The ex-permanent secretary for tax at HMRC and four other outside specialists will be members of the Financial System Vulnerabilities Committee along with at least two non-executive directors.

fotoflexer-photohsbc.jpgHartnett will advise the committee on tax transparency, anti-avoidance and compliance. The other specialists comprise the former head of the UK’s Serious Organised Crime Agency; an ex-deputy national security adviser to President George W Bush; a former UK Foreign Office expert in security and counter-terrorism, who was also head of intelligence (law enforcement) for British Customs, focusing on international counter-narcotics, tax and excise fraud; and the ex-chief executive officer of SWIFT, the industry-owned global financial messaging system.

Though the new committee will be a committee of the board, the five will not become become directors of HSBC.

A measure of how seriously HSBC is taking the committee’s work is that the group chairman, chief executive, chief legal officer, head of financial crime compliance and group money laundering reporting officer, and head of regulatory compliance will also attend the committee.

The bank said the committee will advise the board about its continuing obligations to regulatory and law enforcement agencies in these areas and will provide the board with a “forward-looking perspective” on financial crime risk. It will meet between six and eight times a year and members will give between 35 and 40 days of their time to it annually. Committee meetings will also take place on an ad hoc basis, though they will not always be where all members attend.

MP's campaign

HSBC is one of the companies that responded to Conservative MP Stephen McPartland's call for a commitment from the members of the FTSE 100 index to tax transparency and a new international accounting standard for country-by-country reporting.

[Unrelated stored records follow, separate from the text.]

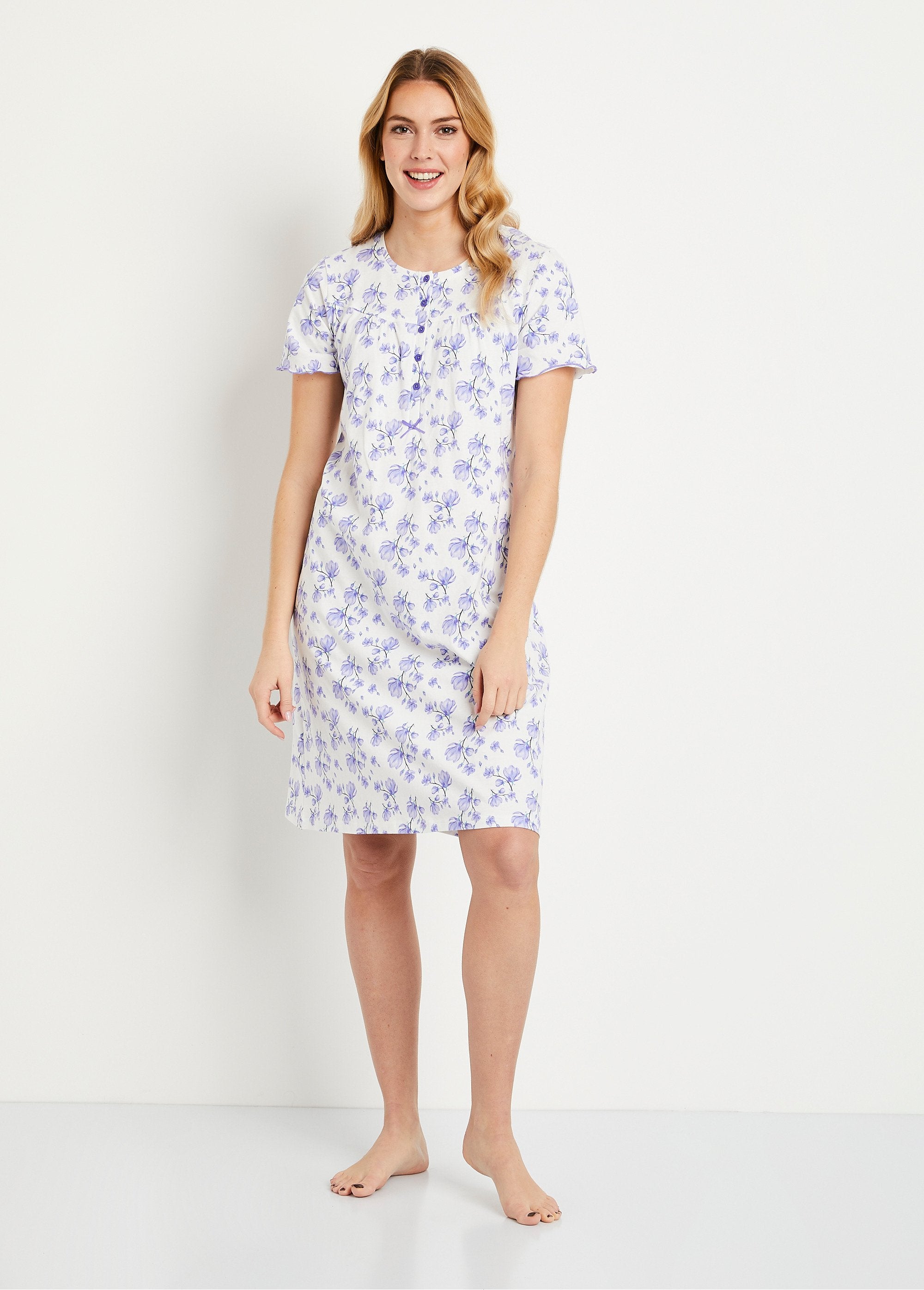 With its deliciously floral print, the women's nightgown adds femininity to comfort. With a nice length and short sleeves, it is ideal in summer accompanied by light mules.
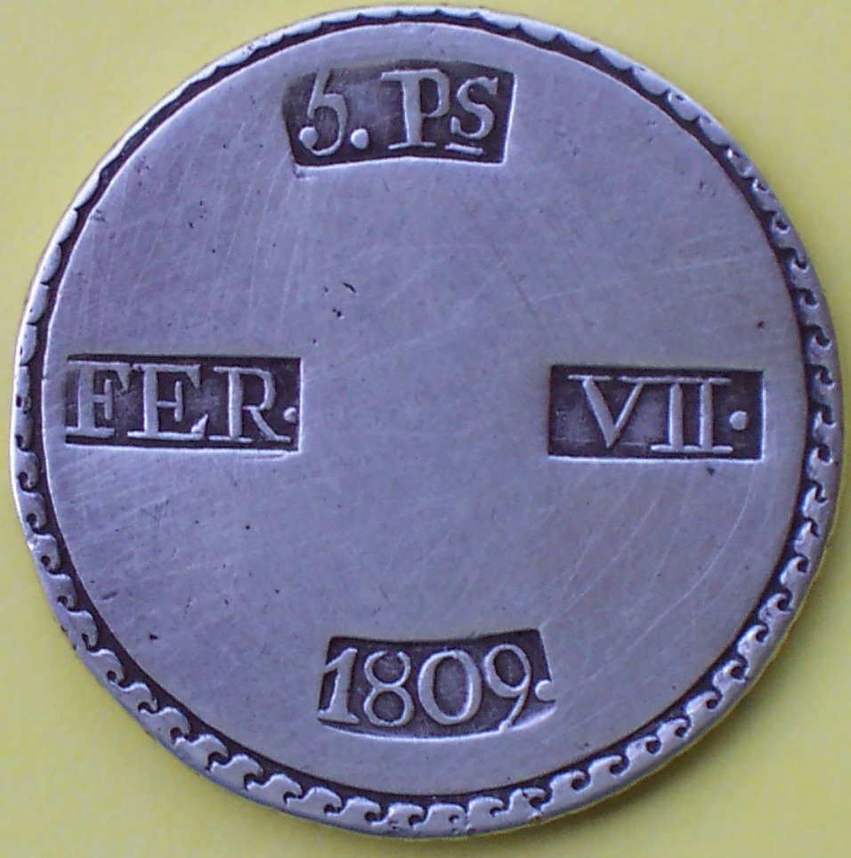 Con la ocupación napoleónica de fondo, Tarragona acuña este duro sólo en el año 1809. En el reverso el escudo de la ciudad.
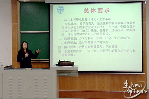 接下来李遂焰老师向2012级同学强调毕业论文的重要性。她指出毕业论文是本科学习阶段的重要环节,是综合运用所学各学科的理论与方法的重要阶段,通过该环节对实际问题进行分析与研究,可得出有价值的结论,同时也能体现出一定的独立分析问题与解决问题的能力。她分别从毕业设计的进度安排、基本组成、教师指导及规范程度等方面进行阐述,提醒同学们合理安排好时间,按照规范要求圆满地完成毕业论文的工作。
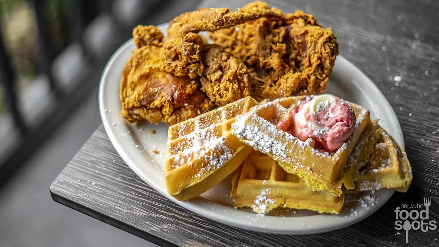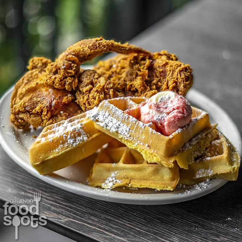 I would hail this as their signature dish. The portion is satisfying, offering a full bird of chicken. They brine the chicken and marinade it in a mixture of Dijon mustard and poultry seasoning for 24 hours. The crisp of this fried chicken captures true Southern flavor! It’s accompanied by a fluffy waffle topped with strawberry butter and powdered sugar, offering that sweet-savory experience.

"Tax transparency is something we at HSBC take very seriously, both in respect of our own tax position and in respect of our customers," wrote Iain Mackay, HSBC's group finance director, in November. "At a corporate level we are conscious of the need to pay our fair share of taxes. We are also embarking on an initiative to seek to ensure, as far as possible, that HSBC's banking services are not  used to facilitate tax evasion. I very much support your initiative on tax transparency and would be happy to offer HSBC's assistance in developing an effective standard on the same."

The decision to set up the new committee comes as the tax, accounting and audit panel of the UK's Parliamentary Commission on Banking Standards is examining whether banks' conduct of their tax affairs contributed to the financial crisis of the last five years.